Dave Tranberg has the Holy Grail of the technology world, that all-important Something the Competition Doesn't Have — in this case — distance education. And, as luck would have it, that Something is a commonplace tool once relegated to college campuses and trade schools. Instead of night courses, Tranberg’s company, Roswell-based Sellera, uses distance education to push product details out to 250 sales people in showrooms nationwide. ‘What’s more, Sellera gets those details out just about as fast as clients Earthlink, Klipsch Audio Technologies and SimpleTech can ship their newest offerings.

“We can do turnaround and change content in a course in a matter of days,” says Tranberg, Sellera’s CEO, who started the company in 2002 after 24 years in the sales channel field when he discovered Design-a-Course, an online course-in-a-box sold by another Georgia company, Norcross-based MindIQ. Design-a-Course allows Sellera to churn out online mini-courses to train showroom personnel in the rapidly changing electronics market. “It’s more effective than posting a brochure to a website.”

Such is the state of distance learning at the start of the 21st century. Also known as “elearning” or “virtual learning,” the idea is to take virtually anything the information explosion can dish out and encapsulate it into online sessions or live webcasts virtually anywhere in the world — from retail showrooms to doctors’ offices. And it couldn't come at a better time. Even as the three Ts (travel, telecommunications and technology) shrink our crowded world, proponents say elearning is harnessing a barrage of information to help save countless travel dollars, and even diagnose life-threatening illness.

DISTANCE LEARNING ISN’T JUST SAVING DOLLARS,
IT'S SAVING LiVES

When the SARS epidemic hit, for instance, course designers at the Centers for Disease Control in Atlanta sprang into action to get webcasts detailing symptoms and treatment to American doctors and nurses who has never before seen the disease.

Similar emergency webcast came out for smallpox and anthrax. This sort of blanket education of the medical community is now routine for the CDC, which has an emergency response team that puts together web-casts on the latest public health threat at a moment’s notice, says Nancy Gathany, instructional designer at the CDC. At the CDC’s planned Global Communications Center, the agency plans to expand its national public training network into a worldwide network.
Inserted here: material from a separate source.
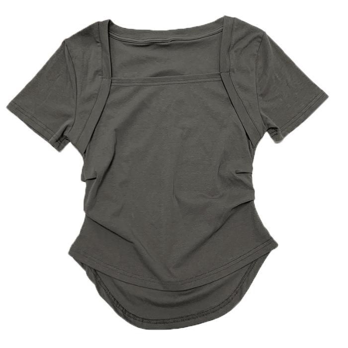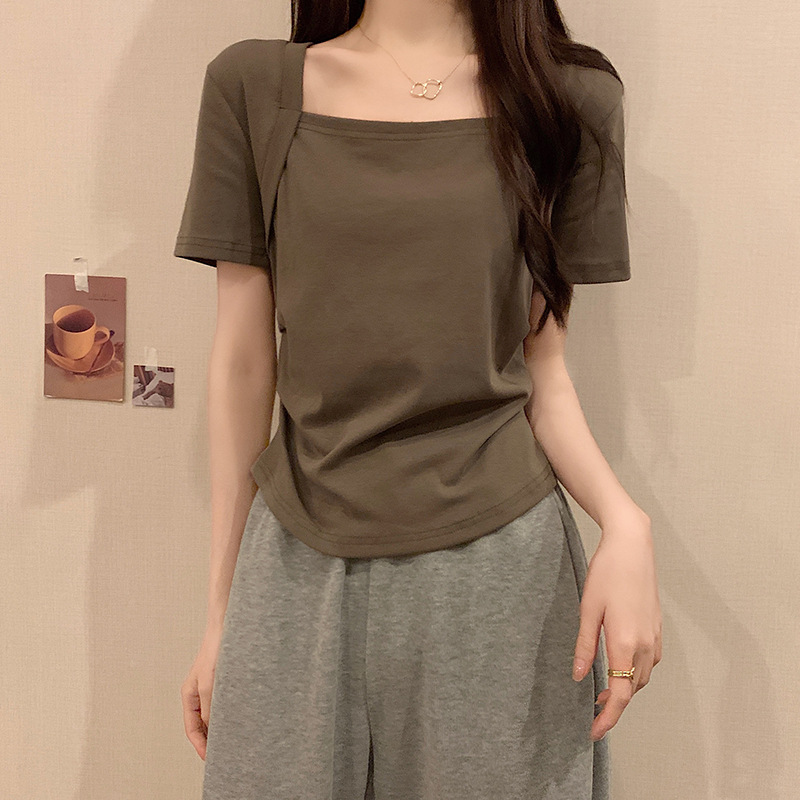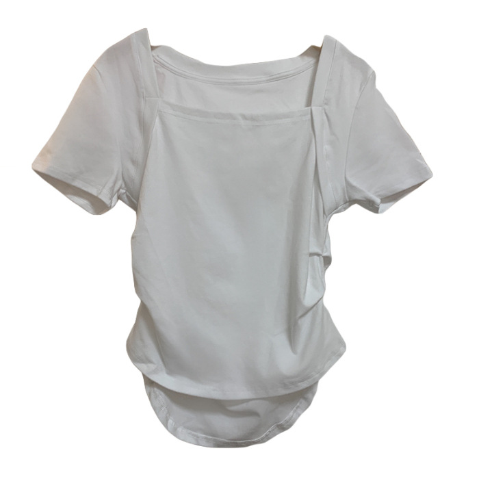 夏季方领辣妹短袖显瘦遮肉T恤女小众设计感别致不规则短款上衣ins

WiLL elearning BECOME JUST LiKE GETTiNG THE MORNING COFFEE?

Tendrils of virtual learning connections creep like kudzu throughout Georgia, weaving through industry, universities and government. And if prognosticators such as Michael Dell are right in saying that 2004 is the year that companies will be updating their old IT equipment, then demand will be up for IT training, as well. So, many in the elearning industry see 2004 yielding a new crop of opportunities for course con tent and software designers, as well as hardware providers that power elearning.
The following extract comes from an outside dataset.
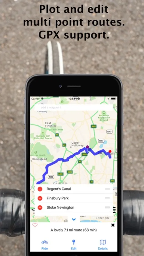 Import and ride routes from your cycling club or any source! Export routes as GPX!

That’s the hope of Louis Bernstein, CEO of MindIQ, which has been offering classroom IT training since 1986. The company, named one of Inc magazine’s top 500 entrepreneurial companies in 2002, added computer-based training in 1995 — well before most companies were comfortable with the idea. “We were a little bit ahead of the curve,” Bernstein says. Then, last year, sales shot up for MindIQ’s revamped flagship elearning product, Design-a-Course. The idea of computer-based learning is finally catching on, says Bernstein, who estimates that Design-a-Course accounted for 10% of MindIQ’s 2003 sales a number he expects to grow.

Many companies are just barely scratching the surface, says Bernstein, who believes the best use of e-learning is when it “becomes as much of a worker's daily routine as getting the morning coffee, and hopefully as stimulating.” In other words, training modules work best when employees get in the habit of using them regularly.
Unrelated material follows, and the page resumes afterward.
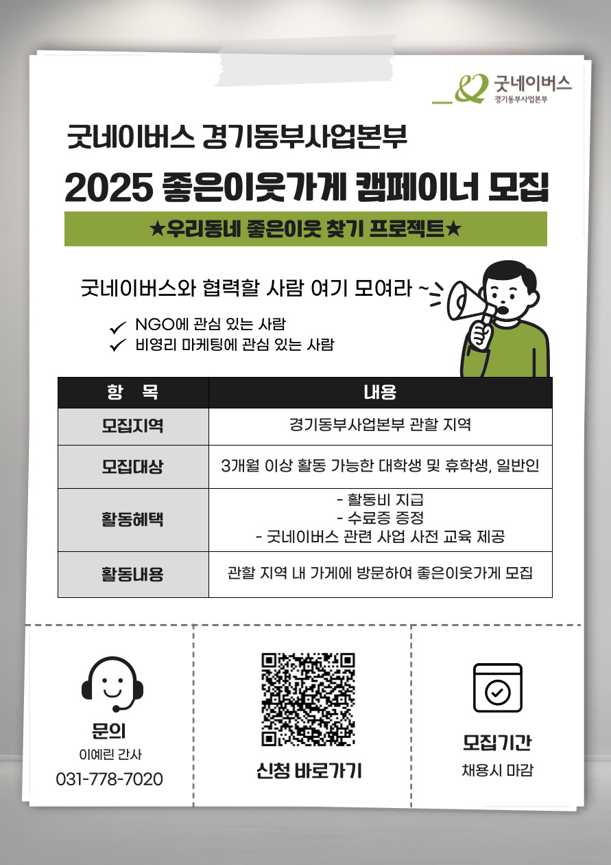 안녕하세요 굿네이버스 경기동부사업본부입니다.

To ensure that vendors peruse its courses, Sellera, for instance, stipulates that sales associates must be certified to sell its client’s products by scoring a passing grade on a 20-question quiz. The courses take about half an hour to complete. While many manufacturers simply provide sales associates with a paper or online brochure, Sellera takes the details from clients’ product brochures, plugs them into a Design-a-Course template and posts it to the Web. In this way, Sellera brings manufacturers’ showrooms to salespeople — no matter where they are keeping them updated on product lines. That’s something a brochure can’t do. elearning also works with prospective employees. MindIQ, for example, offers online assessments for weeding out job applicants or finding weak spots. An applicant claiming to be a Unix expert. for instance, can take an online assessment to see if their Unix skills are up to par.

UNIVERSITY PARTNERS

Georgia's universities — some of the state’s earliest adopters of e-learning — are also partnering with industry to develop online training programs. Last year, for example, executives at HomeBanc realized they had the beginnings of a training problem: a rapidly-changing mortgage market, growing work-force and several offices located a full day’s drive from the company’s Atlanta home base. So HomeBanc turned to Kennesaw State University to revamp its course offerings, which will include online refresher courses for HomeBanc’s 17 mortgage stores in three states.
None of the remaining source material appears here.